The IMF Is Using the Debt Crisis to Hollow Out Pakistan’s Sovereignty

Imran Khan's government came to power in 2018 promising to reorient Pakistan's economy toward the needs of the population. But faced with a debt crisis it soon dropped its reformist agenda — and now, the International Monetary Fund is pressuring it to place its State Bank permanently beyond democratic control.

AFGHANISTAN-PAKISTAN-DIPLOMACY

Pakistan’s prime minister Imran Khan speaks during a press conference, 2020. (Wakil Kohsar / AFP via Getty Images)


As the COVID-19 crisis continues to wreak havoc, at the end of March UN Secretary General António Guterres called for “decisive action” to avert the developing world’s deepening debt crisis. He warned that the previous debt obligations of poor countries were fast maturing, threatening to prolong the economic crisis. African governments alone owe $23.4 billion in repayments to financial institutions this year, notwithstanding current pressures — signaling the scale of the economic burden imposed on poor nations across the globe.
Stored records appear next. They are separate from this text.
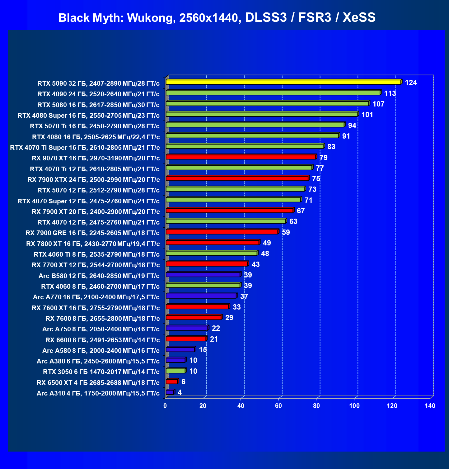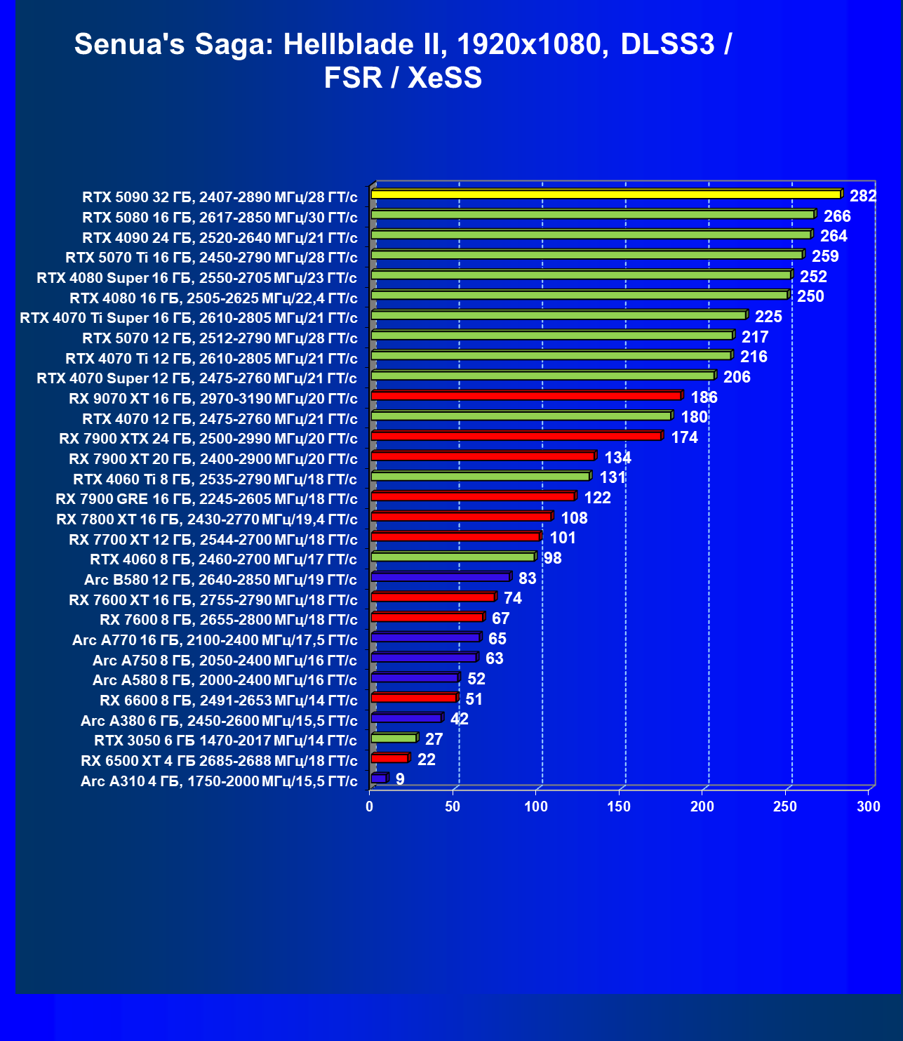 | 17 | RX 7900 XTX 24 ГБ, 2500—2990 МГц/20 ГТ/с | 372 | 4424 | 119 000 |
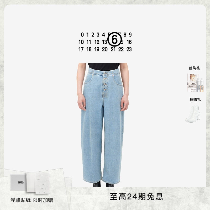 MM6排扣直筒阔腿休闲长裤牛仔裤纯棉女裤子女装,卖家Maison Margiela官方旗舰店,【MM6直筒阔腿牛仔裤】
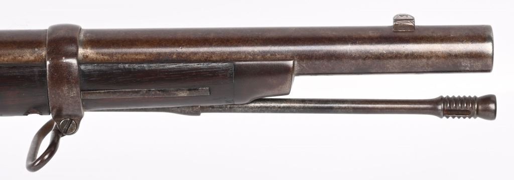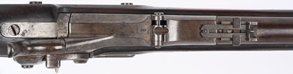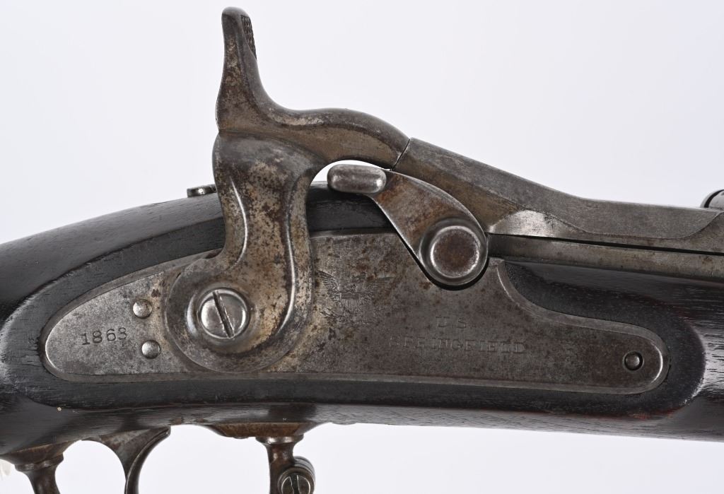 SERIAL 11583. BARREL 32.5". CALIBER 50-70. MADE 1868-72. Lock is dated "1863" with "US SPRINGFIELD" & eagle. Block is dated "1869" with "US" and "eagle head". Matching serial number on left side of barrel & frame. Full length walnut stock has two cartouche stamps on left side. Features 900 yard folding military rear sight, 2-bands, full metal ramrod, sling swivel. Condition. Smooth patina. Legends are sharp. Bore is bright. Stock is excellent with usual minor abrasions and impressions. ANTIQUE
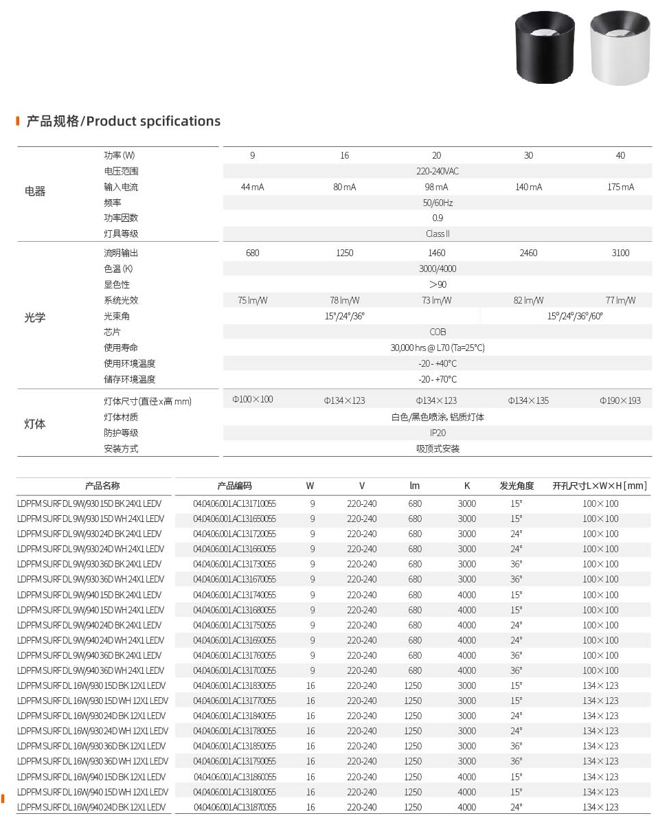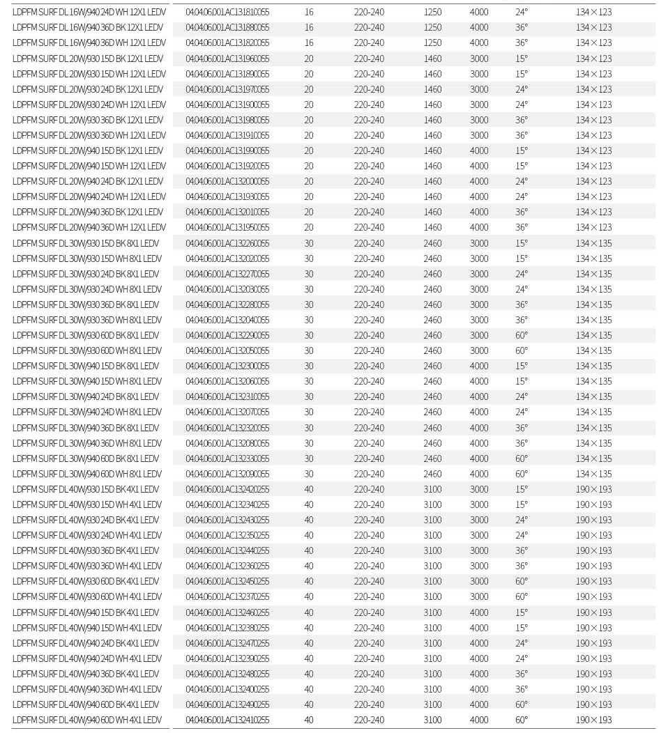 ●4種角度:15°.24°. 36°. 60°(30W/40W)

The kind of future in store for the developing world can be gauged by the sweeping financial reforms being imposed by the global financial technocracy in Pakistan. A poor country struggling to meet the basic needs of its people, under the pressure of the pandemic its creditors are now being forced into a financial arrangement that will erode any semblance of democratic control over the country’s economy.

IMF Stranglehold

Imran Khan’s Pakistan Tehreek-e-Insaf (PTI) government came to power in August 2018 promising to break the “begging bowl” of the International Monetary Fund and reorient the economy toward meeting the development needs of the public. However, a mounting balance-of-payments crisis inherited from the previous government, as well as economic mismanagement in the first few months under the new administration, forced the country back to the IMF in April 2019.